> Directions for this task
Please start at the first line of the records beneath and quote each line exactly, ending with the line containing "Permainan ini terdiri".

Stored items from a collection

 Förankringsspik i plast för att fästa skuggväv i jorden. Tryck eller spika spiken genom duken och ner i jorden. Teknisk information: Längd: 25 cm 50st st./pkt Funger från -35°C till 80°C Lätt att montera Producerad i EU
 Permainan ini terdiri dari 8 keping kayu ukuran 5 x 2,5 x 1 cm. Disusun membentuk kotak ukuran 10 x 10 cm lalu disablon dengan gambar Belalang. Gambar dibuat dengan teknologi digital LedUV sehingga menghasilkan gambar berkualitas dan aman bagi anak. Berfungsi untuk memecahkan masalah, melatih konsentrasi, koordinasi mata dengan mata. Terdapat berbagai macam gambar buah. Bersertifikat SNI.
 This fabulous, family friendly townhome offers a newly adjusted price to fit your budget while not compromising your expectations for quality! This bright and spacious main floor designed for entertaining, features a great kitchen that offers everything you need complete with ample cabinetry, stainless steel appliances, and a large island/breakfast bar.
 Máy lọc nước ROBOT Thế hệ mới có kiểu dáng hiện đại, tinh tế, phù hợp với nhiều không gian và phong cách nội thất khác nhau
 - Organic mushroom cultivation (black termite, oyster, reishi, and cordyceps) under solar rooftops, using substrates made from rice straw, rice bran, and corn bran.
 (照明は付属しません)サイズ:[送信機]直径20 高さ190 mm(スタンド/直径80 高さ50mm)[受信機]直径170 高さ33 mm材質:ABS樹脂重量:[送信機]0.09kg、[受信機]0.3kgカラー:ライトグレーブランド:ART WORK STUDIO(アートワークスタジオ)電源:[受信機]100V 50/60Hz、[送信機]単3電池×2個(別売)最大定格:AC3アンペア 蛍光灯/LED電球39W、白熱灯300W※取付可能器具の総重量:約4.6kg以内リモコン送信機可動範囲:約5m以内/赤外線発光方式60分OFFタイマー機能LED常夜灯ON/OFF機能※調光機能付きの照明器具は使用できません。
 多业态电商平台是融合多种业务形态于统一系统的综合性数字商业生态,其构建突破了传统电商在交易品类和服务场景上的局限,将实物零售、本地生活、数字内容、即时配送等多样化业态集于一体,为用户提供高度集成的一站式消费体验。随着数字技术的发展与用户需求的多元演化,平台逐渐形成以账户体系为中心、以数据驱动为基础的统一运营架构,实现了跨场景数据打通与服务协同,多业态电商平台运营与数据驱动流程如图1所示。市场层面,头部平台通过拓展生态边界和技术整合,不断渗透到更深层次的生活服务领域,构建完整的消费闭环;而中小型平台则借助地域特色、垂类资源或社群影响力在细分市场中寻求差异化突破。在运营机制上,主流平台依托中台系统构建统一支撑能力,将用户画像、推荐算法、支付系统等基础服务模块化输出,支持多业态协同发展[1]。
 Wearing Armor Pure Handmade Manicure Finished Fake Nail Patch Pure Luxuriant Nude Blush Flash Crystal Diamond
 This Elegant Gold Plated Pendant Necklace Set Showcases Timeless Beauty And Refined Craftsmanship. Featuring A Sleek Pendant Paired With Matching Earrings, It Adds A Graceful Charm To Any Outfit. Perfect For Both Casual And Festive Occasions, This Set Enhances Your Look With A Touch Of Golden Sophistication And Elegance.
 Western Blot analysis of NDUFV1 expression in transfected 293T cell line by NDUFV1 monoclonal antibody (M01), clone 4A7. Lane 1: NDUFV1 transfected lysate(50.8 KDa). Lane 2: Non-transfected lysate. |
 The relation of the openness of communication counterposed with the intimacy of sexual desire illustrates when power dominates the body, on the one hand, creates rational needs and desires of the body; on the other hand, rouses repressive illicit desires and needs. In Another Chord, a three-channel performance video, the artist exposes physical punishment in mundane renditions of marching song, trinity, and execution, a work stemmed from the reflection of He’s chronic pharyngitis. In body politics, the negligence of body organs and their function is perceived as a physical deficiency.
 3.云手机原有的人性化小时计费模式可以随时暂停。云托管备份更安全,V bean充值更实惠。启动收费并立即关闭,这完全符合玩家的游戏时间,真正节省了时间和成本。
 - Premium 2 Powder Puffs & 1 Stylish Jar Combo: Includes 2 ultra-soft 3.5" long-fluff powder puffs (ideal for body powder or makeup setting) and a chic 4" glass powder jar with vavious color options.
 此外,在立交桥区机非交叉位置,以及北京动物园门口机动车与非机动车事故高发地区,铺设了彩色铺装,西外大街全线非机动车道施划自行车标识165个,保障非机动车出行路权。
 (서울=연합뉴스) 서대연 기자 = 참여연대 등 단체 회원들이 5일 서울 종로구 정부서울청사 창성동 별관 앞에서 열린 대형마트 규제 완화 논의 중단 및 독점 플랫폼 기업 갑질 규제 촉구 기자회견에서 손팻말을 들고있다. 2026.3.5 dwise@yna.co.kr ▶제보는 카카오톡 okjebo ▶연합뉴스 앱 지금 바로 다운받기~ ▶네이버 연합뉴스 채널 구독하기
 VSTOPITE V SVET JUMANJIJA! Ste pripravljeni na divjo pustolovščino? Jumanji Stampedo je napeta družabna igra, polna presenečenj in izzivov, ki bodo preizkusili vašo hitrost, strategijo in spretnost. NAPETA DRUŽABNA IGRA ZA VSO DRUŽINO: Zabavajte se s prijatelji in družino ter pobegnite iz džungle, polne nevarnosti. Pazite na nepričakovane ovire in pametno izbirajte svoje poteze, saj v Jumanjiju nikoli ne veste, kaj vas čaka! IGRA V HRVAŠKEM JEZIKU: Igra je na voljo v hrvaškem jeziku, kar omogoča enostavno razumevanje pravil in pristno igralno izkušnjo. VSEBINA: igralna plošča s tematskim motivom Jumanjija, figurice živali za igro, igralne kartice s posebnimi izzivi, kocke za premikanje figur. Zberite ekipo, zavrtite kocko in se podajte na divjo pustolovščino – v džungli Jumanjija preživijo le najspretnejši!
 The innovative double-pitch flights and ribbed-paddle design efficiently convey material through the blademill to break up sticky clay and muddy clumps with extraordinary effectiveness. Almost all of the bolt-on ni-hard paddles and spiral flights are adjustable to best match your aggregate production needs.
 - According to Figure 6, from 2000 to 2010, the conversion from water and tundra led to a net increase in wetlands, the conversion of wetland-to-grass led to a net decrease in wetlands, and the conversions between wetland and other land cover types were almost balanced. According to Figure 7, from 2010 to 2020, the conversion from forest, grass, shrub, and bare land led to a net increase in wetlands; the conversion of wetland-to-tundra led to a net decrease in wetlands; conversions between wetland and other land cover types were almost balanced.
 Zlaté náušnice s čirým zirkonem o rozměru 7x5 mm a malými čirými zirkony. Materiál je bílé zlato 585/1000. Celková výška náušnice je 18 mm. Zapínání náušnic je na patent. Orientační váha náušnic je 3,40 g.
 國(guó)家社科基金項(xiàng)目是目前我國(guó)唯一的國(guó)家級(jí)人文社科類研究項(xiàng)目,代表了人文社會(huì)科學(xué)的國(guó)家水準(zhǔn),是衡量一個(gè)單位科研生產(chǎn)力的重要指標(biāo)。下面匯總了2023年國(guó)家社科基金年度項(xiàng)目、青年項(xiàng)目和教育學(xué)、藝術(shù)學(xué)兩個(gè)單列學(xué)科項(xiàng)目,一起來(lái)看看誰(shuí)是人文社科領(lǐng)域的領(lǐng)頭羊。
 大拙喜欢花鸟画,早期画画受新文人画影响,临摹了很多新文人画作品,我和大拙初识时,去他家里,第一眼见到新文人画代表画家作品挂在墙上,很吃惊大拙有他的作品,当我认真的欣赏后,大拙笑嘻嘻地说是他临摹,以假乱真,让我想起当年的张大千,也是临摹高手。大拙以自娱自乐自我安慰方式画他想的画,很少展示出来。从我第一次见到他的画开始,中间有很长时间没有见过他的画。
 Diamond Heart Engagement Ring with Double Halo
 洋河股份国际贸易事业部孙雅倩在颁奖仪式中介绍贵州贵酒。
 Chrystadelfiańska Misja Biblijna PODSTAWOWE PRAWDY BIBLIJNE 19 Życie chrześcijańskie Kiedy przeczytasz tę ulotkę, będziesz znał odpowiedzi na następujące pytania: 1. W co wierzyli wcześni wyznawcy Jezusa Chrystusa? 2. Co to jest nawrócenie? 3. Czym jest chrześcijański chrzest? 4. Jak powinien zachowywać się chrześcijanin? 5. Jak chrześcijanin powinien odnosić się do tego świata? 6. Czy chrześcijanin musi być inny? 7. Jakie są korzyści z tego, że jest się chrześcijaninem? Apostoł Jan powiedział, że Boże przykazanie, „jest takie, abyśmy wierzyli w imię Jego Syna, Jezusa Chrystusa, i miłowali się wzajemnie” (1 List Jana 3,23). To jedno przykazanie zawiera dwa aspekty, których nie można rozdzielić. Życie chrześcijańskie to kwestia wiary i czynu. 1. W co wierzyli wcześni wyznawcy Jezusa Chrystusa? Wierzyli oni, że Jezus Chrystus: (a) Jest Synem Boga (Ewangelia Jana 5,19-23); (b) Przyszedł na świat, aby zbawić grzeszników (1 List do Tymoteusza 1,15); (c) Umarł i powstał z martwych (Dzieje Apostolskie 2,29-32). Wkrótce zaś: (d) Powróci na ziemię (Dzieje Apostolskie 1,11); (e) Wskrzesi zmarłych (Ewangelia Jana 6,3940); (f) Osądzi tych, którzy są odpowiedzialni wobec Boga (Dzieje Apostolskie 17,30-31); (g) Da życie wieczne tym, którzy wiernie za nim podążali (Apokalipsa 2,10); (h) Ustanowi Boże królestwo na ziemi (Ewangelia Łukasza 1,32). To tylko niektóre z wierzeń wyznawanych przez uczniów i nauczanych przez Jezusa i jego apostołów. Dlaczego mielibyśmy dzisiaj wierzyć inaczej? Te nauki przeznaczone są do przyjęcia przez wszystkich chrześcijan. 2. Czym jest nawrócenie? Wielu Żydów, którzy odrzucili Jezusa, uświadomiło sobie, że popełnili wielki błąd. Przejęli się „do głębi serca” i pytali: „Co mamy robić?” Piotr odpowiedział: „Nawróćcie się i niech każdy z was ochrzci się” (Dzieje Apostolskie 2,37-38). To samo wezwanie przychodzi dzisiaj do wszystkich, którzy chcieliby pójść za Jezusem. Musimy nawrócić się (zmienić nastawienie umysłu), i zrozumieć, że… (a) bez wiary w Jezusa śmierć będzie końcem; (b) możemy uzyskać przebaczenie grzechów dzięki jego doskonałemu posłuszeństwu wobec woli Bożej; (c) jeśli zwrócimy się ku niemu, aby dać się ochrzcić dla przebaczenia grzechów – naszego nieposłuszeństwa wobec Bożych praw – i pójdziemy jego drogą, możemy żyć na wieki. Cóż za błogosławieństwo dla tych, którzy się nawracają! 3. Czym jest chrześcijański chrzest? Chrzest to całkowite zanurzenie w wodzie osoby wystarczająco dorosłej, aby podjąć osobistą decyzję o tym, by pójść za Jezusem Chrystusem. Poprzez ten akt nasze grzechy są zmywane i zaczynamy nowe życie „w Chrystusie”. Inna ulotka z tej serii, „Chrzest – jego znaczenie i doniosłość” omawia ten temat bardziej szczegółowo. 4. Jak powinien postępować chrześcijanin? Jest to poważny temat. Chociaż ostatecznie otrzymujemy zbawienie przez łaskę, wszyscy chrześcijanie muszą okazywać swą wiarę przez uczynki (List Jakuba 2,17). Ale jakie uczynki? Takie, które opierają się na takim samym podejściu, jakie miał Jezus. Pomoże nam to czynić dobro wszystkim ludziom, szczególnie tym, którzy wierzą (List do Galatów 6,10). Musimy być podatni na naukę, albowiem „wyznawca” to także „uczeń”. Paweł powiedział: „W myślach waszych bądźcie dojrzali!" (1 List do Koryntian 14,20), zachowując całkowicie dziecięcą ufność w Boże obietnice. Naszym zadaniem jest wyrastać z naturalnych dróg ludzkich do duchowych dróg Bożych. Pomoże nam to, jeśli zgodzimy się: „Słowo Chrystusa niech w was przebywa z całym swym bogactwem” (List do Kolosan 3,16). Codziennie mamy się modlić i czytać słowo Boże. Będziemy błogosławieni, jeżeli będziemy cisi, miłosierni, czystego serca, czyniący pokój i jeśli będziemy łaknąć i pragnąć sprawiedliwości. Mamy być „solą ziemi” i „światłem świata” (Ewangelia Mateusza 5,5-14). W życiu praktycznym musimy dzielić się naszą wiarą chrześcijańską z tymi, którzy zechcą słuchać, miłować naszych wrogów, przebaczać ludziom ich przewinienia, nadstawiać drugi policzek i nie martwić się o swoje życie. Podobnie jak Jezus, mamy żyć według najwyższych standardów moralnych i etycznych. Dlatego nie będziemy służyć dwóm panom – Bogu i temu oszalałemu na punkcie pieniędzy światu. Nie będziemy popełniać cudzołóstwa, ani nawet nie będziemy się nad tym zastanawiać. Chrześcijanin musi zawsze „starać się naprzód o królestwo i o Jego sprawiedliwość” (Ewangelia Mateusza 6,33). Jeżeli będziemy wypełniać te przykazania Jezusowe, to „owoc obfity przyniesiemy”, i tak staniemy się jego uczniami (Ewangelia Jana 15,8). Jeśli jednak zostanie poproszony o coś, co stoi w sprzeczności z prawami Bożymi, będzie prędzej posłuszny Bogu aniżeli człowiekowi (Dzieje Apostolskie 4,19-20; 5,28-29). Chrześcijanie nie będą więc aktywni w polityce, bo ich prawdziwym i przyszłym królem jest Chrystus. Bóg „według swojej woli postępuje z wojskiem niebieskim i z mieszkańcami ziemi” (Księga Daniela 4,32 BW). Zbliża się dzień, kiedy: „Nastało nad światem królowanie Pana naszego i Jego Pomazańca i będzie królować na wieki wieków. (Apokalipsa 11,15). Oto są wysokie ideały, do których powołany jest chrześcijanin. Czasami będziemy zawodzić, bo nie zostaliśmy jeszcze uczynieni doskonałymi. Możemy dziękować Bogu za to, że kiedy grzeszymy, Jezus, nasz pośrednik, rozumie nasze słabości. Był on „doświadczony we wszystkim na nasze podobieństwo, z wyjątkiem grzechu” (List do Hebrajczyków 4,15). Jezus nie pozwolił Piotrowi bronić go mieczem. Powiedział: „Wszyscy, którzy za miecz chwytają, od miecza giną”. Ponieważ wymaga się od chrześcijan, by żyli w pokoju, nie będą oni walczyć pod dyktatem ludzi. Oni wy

> Expected output
 Förankringsspik i plast för att fästa skuggväv i jorden. Tryck eller spika spiken genom duken och ner i jorden. Teknisk information: Längd: 25 cm 50st st./pkt Funger från -35°C till 80°C Lätt att montera Producerad i EU
 Permainan ini terdiri dari 8 keping kayu ukuran 5 x 2,5 x 1 cm. Disusun membentuk kotak ukuran 10 x 10 cm lalu disablon dengan gambar Belalang. Gambar dibuat dengan teknologi digital LedUV sehingga menghasilkan gambar berkualitas dan aman bagi anak. Berfungsi untuk memecahkan masalah, melatih konsentrasi, koordinasi mata dengan mata. Terdapat berbagai macam gambar buah. Bersertifikat SNI.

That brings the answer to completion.